October kicks off National Cybersecurity Awareness Month, a collaboration between leadership from the U.S. Department of Homeland Security and the National Cyber Security Alliance, to educate and raise awareness for keeping data and systems safe from security threats. In the spirit of the month, we are examining how security plays a role in protecting data for military and defense, particularly for operational training realism.
Military leaders recently testified before the Senate Armed Services Committee regarding encryption and cyber security issues. Among the leaders were Marcel Lettre, Undersecretary of Defense for Intel and Navy Admiral, who testified that the department was seeking more “robust encryption standards and technology [which is]vital to protecting warfighting capabilities and insuring that key data systems stay secure and impenetrable to adversaries today and into the future.“
Lettre went on to say that it is the commercial sector, partners and government contractors that offer the commercial encryption technology solutions that are critical to protecting national security systems, research and development data related to weapon systems and other classified data.
Mike Rogers, commander of U.S. Cyber Command and the Director of NSA, also testified to the importance of encryption, which he refers to as protecting data access for anyone authorized to use it. He told the Committee in his testimony that, “we have a challenge before us. We’re watching sophisticated adversaries change their communication profiles in ways that enable them to hide information relating to their involvement in things such as criminal behavior, terrorist planning, militia cyber intrusions and even cyberattacks.”
This ever-growing sophistication requires a change in protecting data at rest, or data on the move. It is even more critical in military training scenarios, where classified data needs to stay only in the hands of the authorized user.

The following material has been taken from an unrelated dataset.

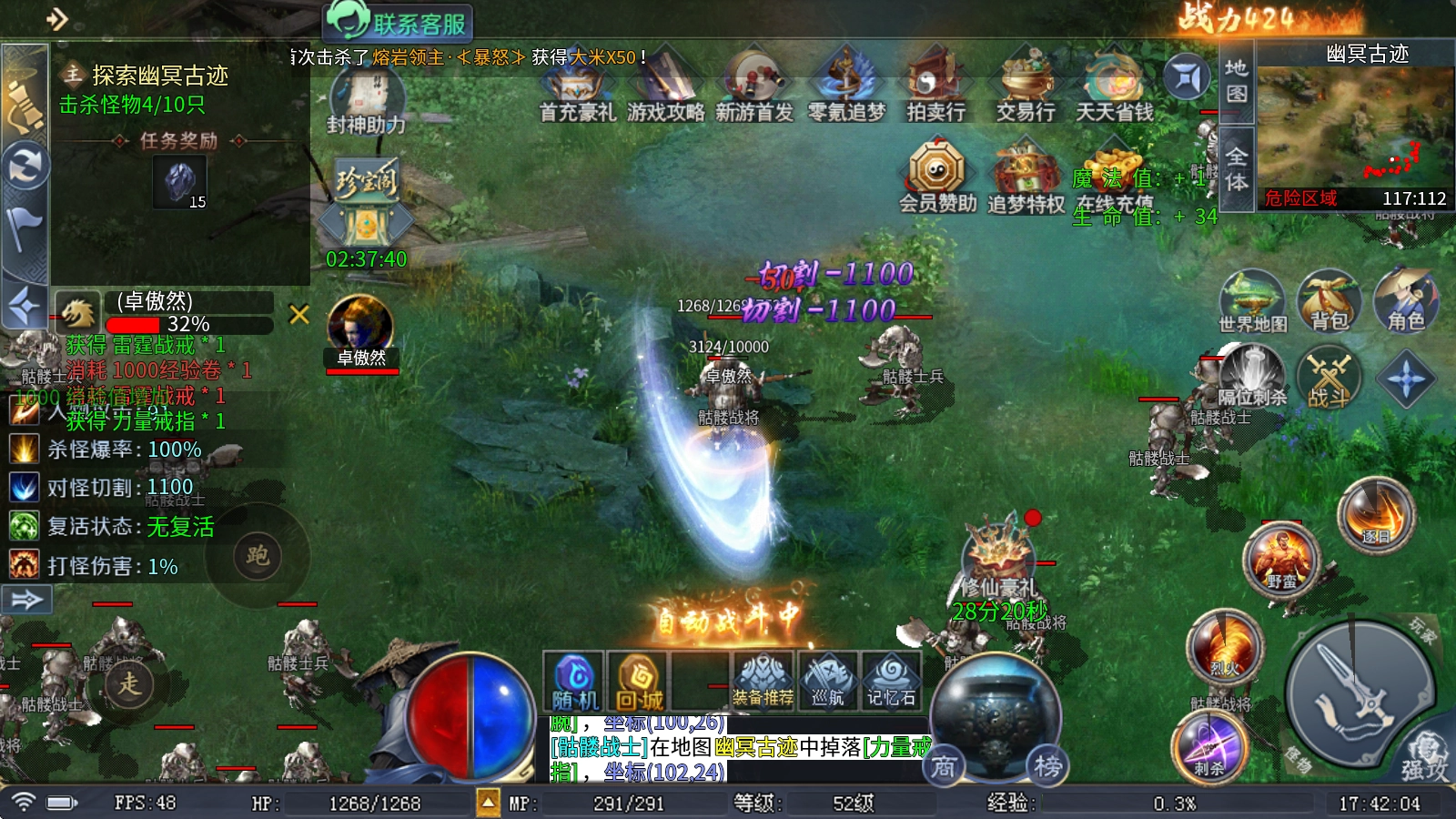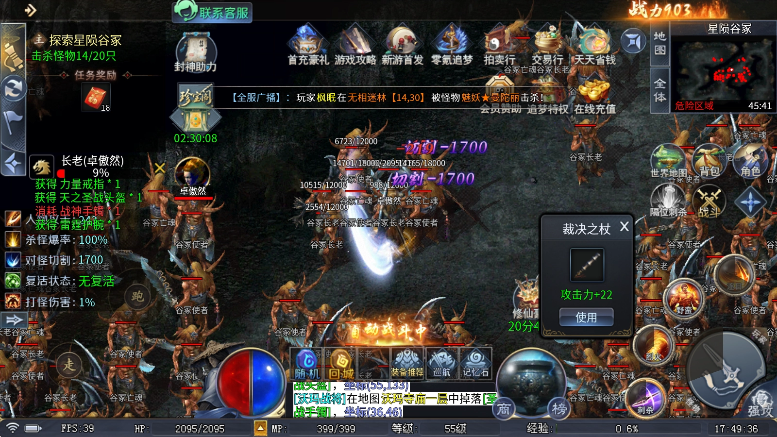 本服实现了真正的属性平衡,所有装备和材料都能通过打怪获取,各类神器、专属装备掉落不断,而且爆率完全公开,每个人都有机会追寻梦想!

Military training, whether live or simulation or a combination, requires a high level of data security, particularly, as Wes Naylor pointed out in his recent piece, because we don’t want adversaries to know about new and emerging military capabilities. Unfortunately, in many cases, those security requirements impact the realism of the training exercise, so some vendors have created military training solutions that incorporate Multiple Independent Levels of Security (MILS), which is a security architecture designed to separate and control information and data flow.
Vendors, such as Rockwell Collins, are incorporating MILS to provide secure interoperability for data in-flight in a simulated, high-threat combat environment.
Higher levels of security are necessary in today’s threat environment, but shouldn’t deteriorate levels of data performance. National Cybersecurity Awareness Month is a great time for military training vendors to pause and determine whether their security measures are up to the levels needed today and for the future while they continue to offer the most realistic and effective training for the warfighter.